I'll give the Oppo a third recommendation. Most people when asking for blu-ray suggestions don't want to go with anything over $250, but since your budget is right at $500, which is where the Oppo is at, I cannot emphasize that recommendation enough. I've had 3 separate standalone players, Panasonic DMP-BD30, Pioneer BDP-51FD, Panasonic DMP-BD35, plus my Playstation 3 for blu-ray playback and finally the Oppo. It is by far the best, quality-wise, performance-wise, function-wise. Firmware updates are a plenty so any issues you run into are taken care of a lot quicker than the other companies.

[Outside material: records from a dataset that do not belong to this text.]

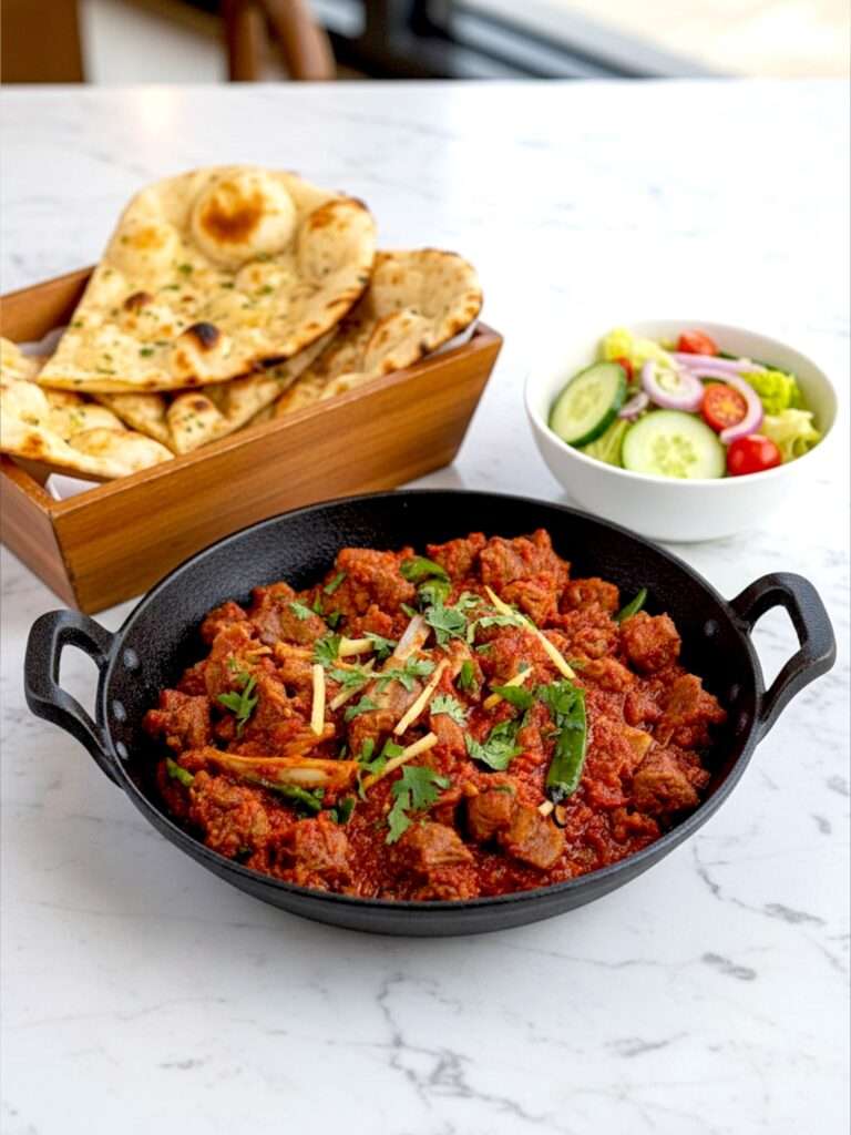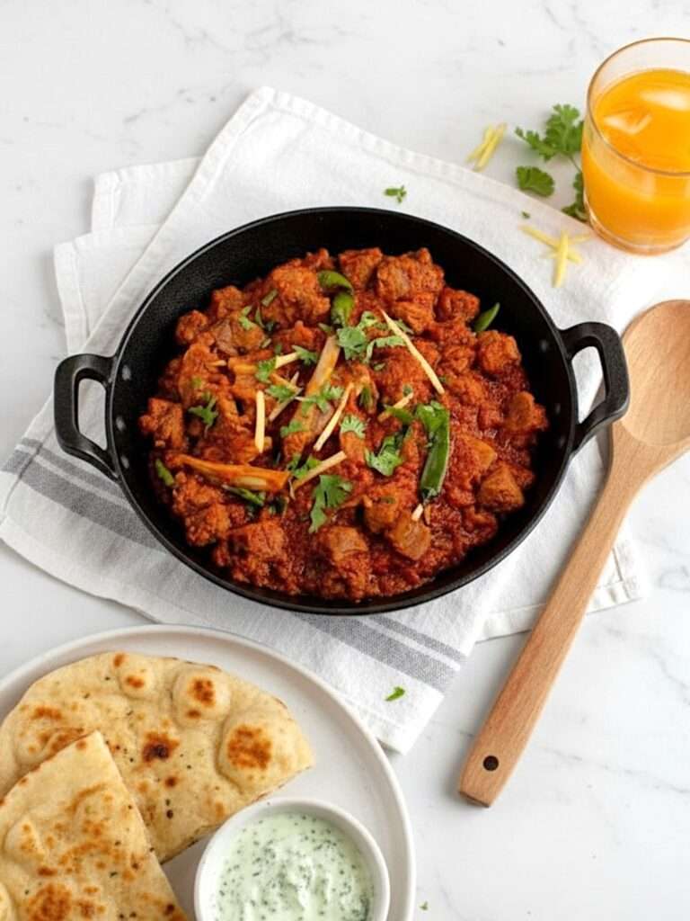 For a bit of variety, you can also add a tomato chutney (a Punjabi favorite!). But honestly, I’d say keep it simple, naan, raita, and salad are all you really need to let the karahi shine!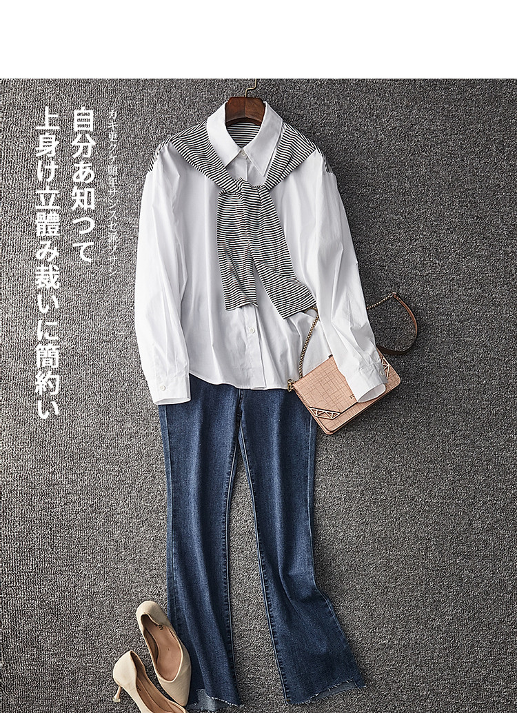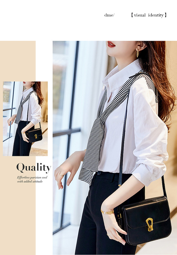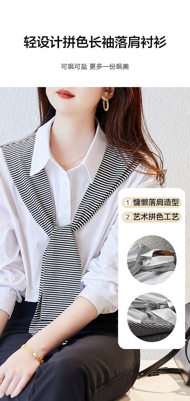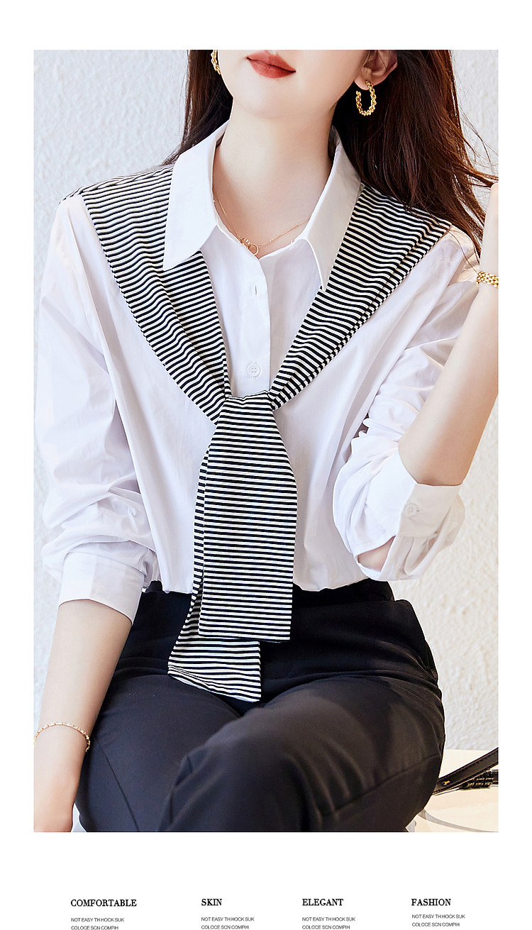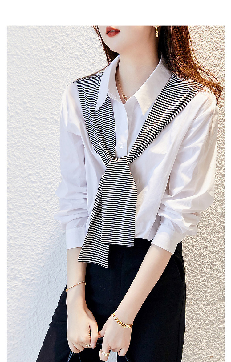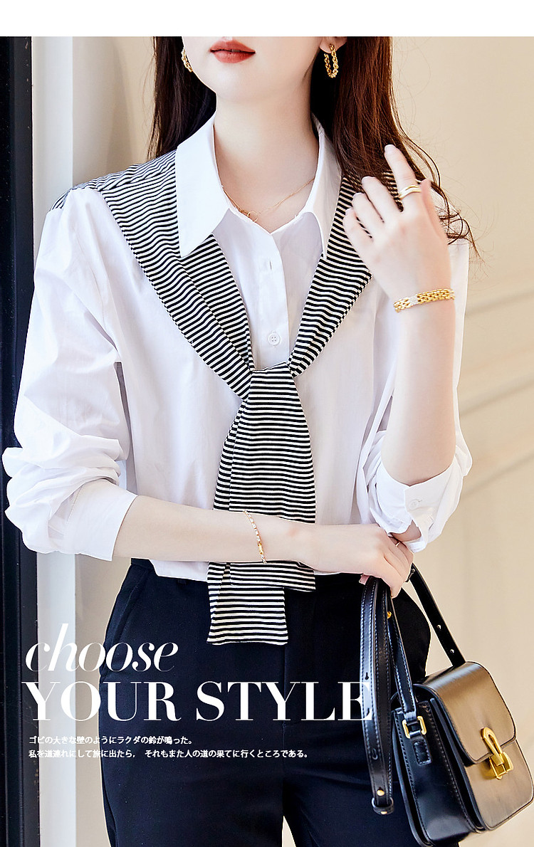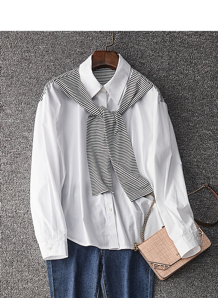 【披肩装饰衬衣】春秋翻领宽松条纹长袖落肩装衬衫女 332865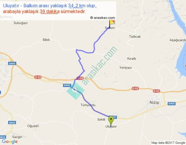 Uluyatır - Salkım arası yaklaşık olarak 90 km/h ile yukarıda belirtilen sürede olup, iki yerin kuş uçuşu uzaklığı (mesafesi) 21'dir. Yolculuk otobüsle 50 dakika sürmektedir.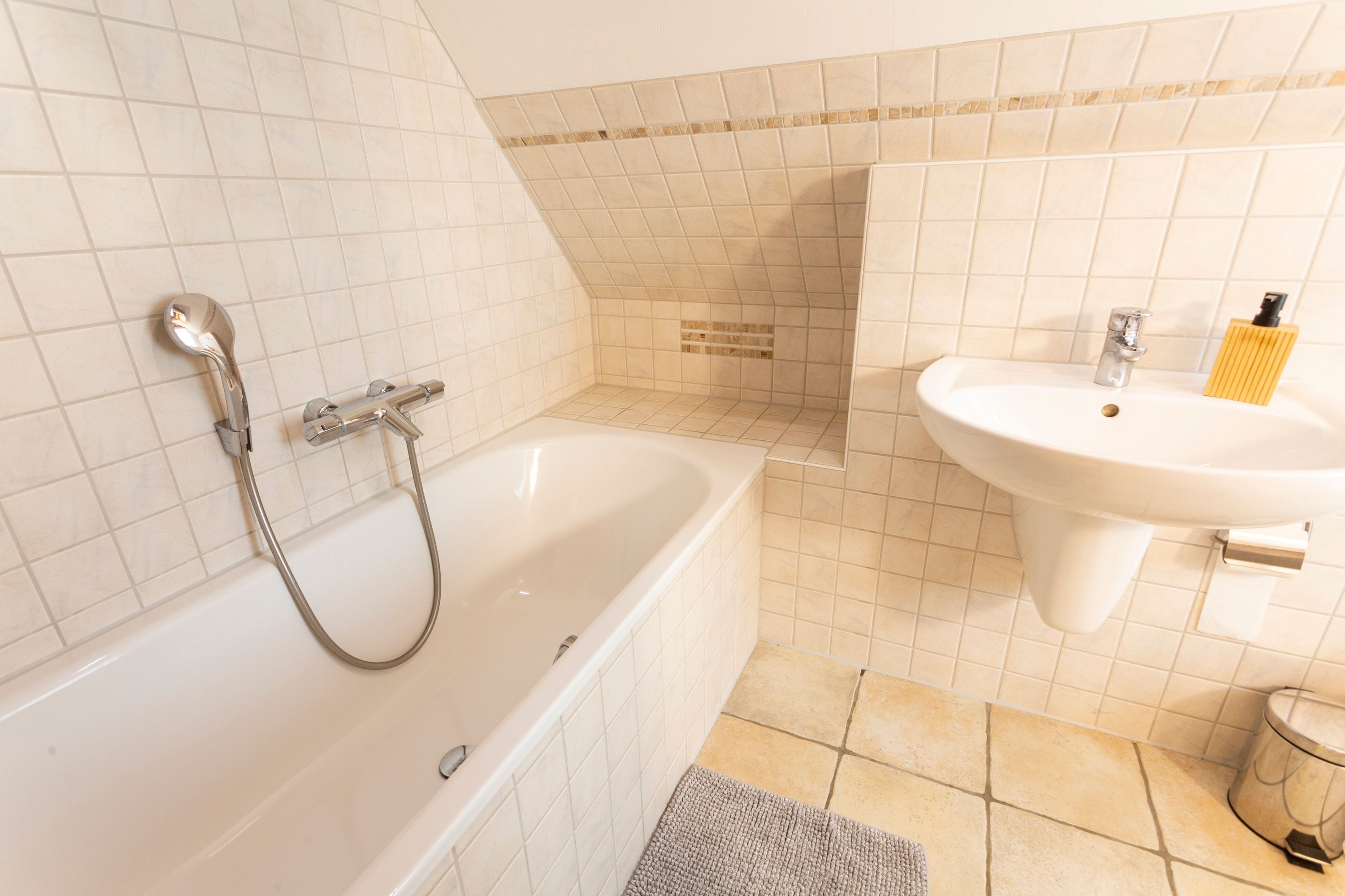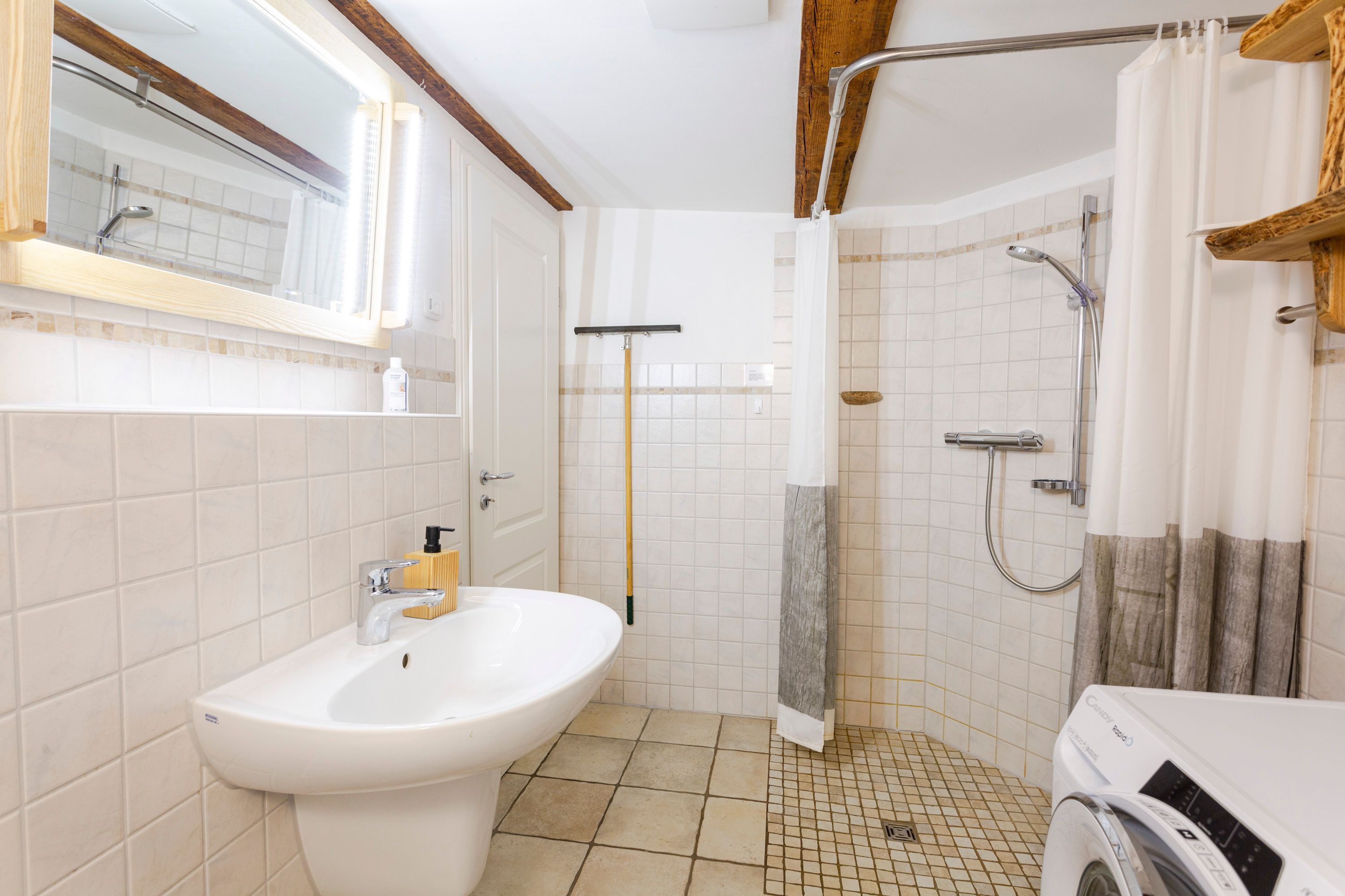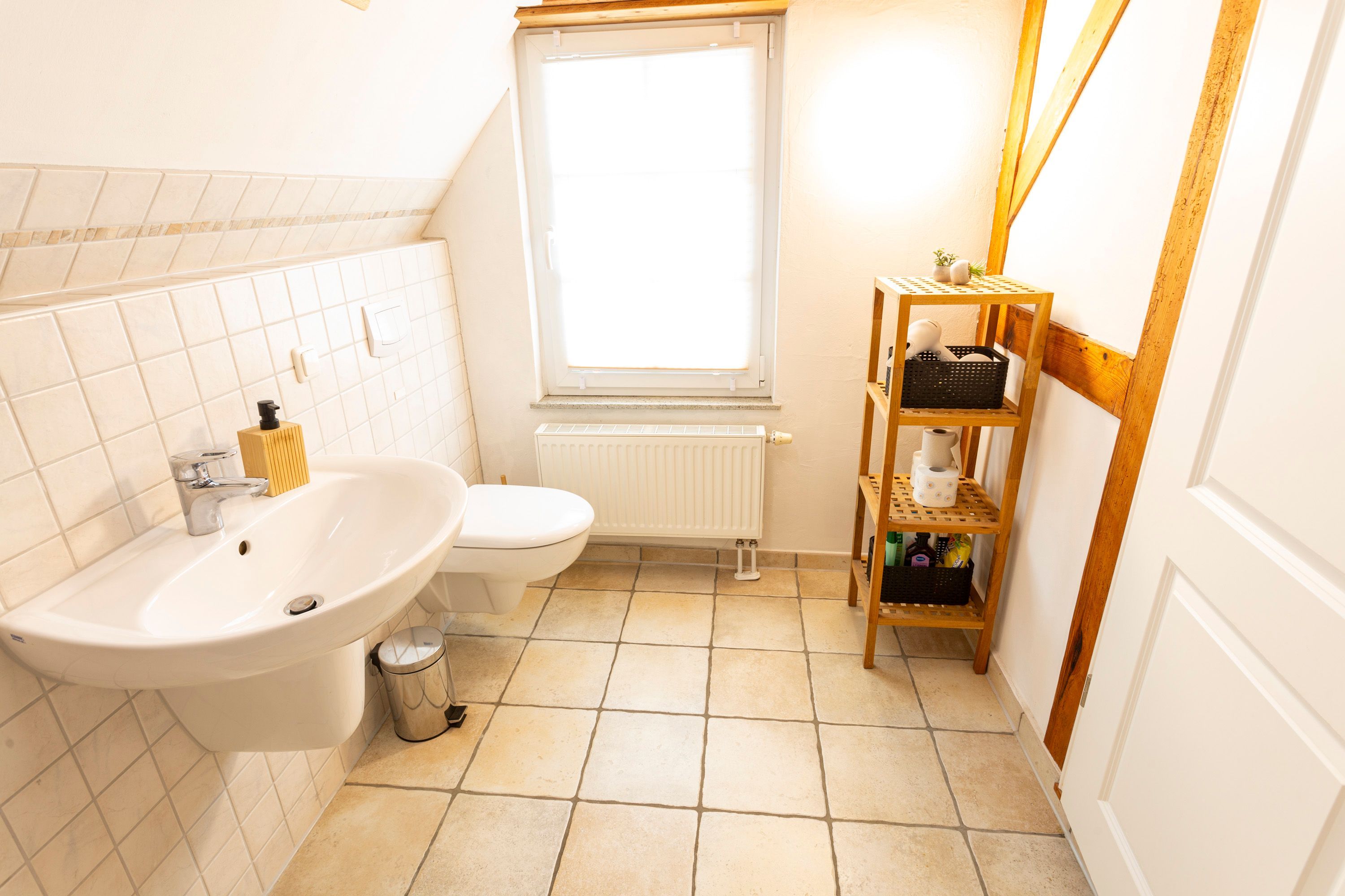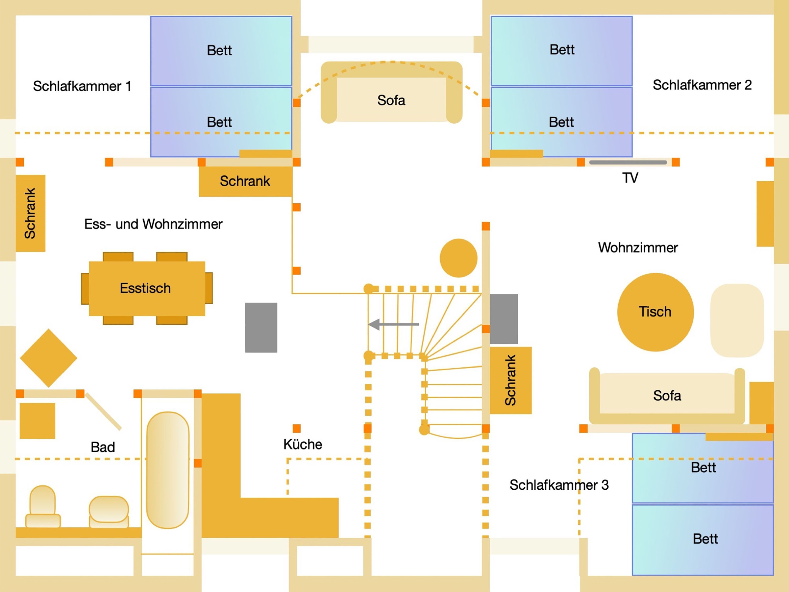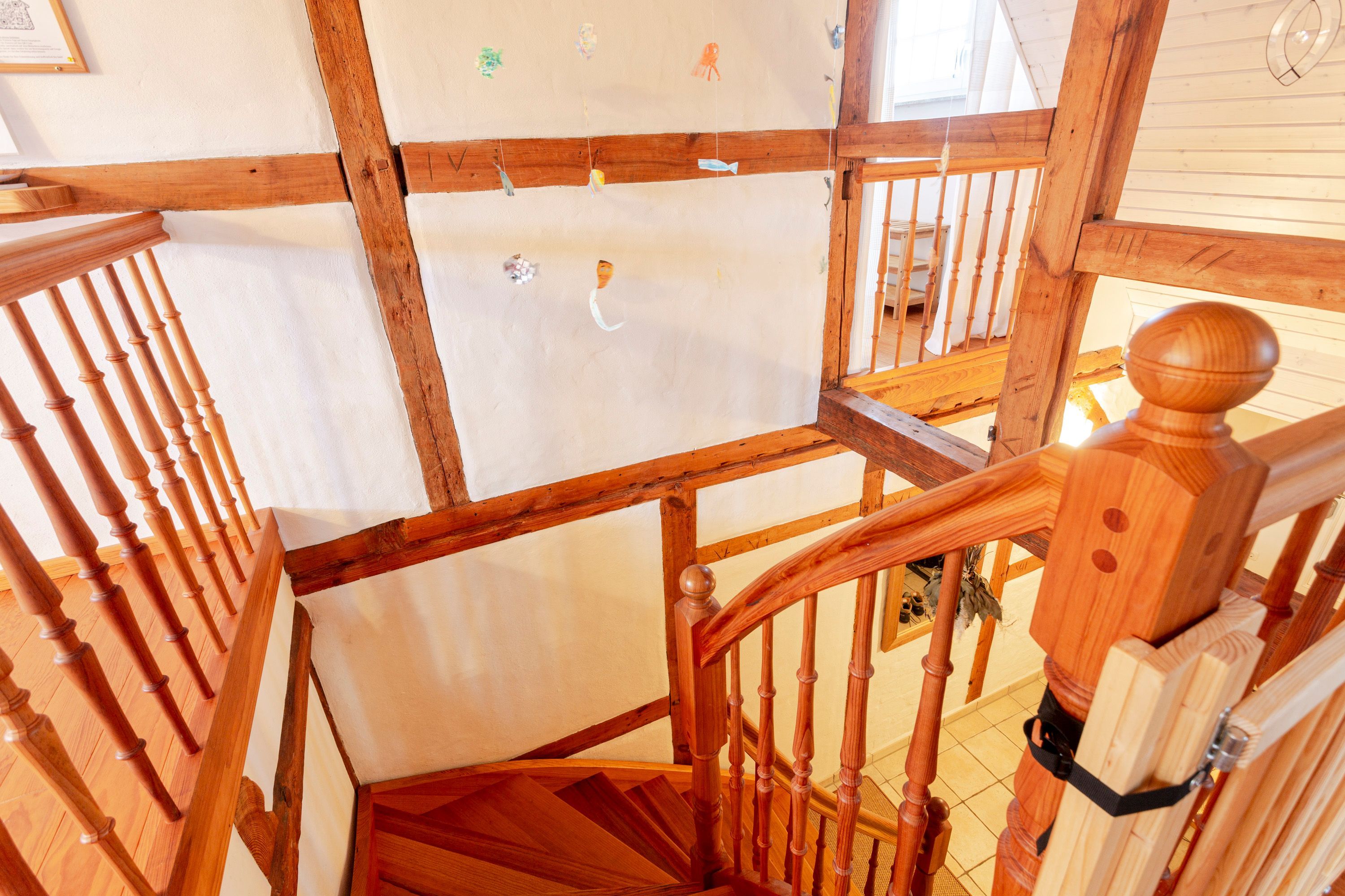 Die Ferienwohnung 2 im Haus Klein Kapelle in Gingst erstreckt sich über zwei Etagen und ist für 6 Personen und ein Baby geeignet. Der Zugang zur Ferienwohnung befindet sich auf dem Hof im Erdgeschoss. Im unteren Bereich ist das erste Bad mit ebenerdiger Dusche, WC und Waschmaschine. Über eine Treppe erreicht man den offenen Wohn-Schlaf-Essbereich. Auf der linke Seite liegen die offene Küche mit Geschirrspüler, Herd, Ofen, Kühlschrank, Toaster, Wasserkocher, Mikrowelle, Kaffemaschine, Milchaufschäumer, Mixer, Pürierstab und Geschirr für den täglichen Bedarf, sowie der Essbereich mit Esstisch und 1 offene Schlafnische mit 2 Matratzen (90x200) auf einem Lattenrost. Das zweite abschließbare Bad mit Badewanne und WC ist vom Essbereich aus erreichbar. Von der Treppe rechts gelegen, befindet sich der große Wohnbereich mit Sofa und TV, sowie 2 Schlafnische mit jeweils 2 Matratzen (90x200) auf einem Lattenrost.

As JJ mentioned, Theta, Lexicon, Denon, even now Pioneer have players that boast the same features as the Oppo, but none can do it even remotely close to the same price point.


----------



## eugovector (Sep 4, 2006)

Don't need me chiming in, but for $500, I'd say only the Oppo make sense (unless you can make use of the other features of the PS3).


----------



## 43131 - deactivated (Oct 9, 2009)

wow this looks great! Thanks for all the input and suggestions. Without getting too technical, what will this player great improve on then what I currentley have?


----------



## tonyvdb (Sep 5, 2007)

Upconversion of standard DVDs is excellent and it loads BluRay DVDs fast. Firmware updates are often and less compatibility issues with new releases.


----------



## 43131 - deactivated (Oct 9, 2009)

What's better this, or the Pioneer Elite BDP-23FD?


----------



## tonyvdb (Sep 5, 2007)

My understanding is the Oppo is the best bang for buck.


----------



## recruit (May 9, 2009)

Pioneer make some great products and I'm sure the above player is very good but as Tony mentioned the Oppo is excellent VFM and when you consider it is a universal player it is no brainer really, the Oppo hits well above its weight, IMO you would have to spend consirderably more to get the same performance...


----------



## Lordoftherings (Feb 8, 2009)

For about less than $200 (street), you can get the Panasonic DMP-BD60, an excellent player.

* And for $499, the Oppo BDP-83 is the only game in town.


----------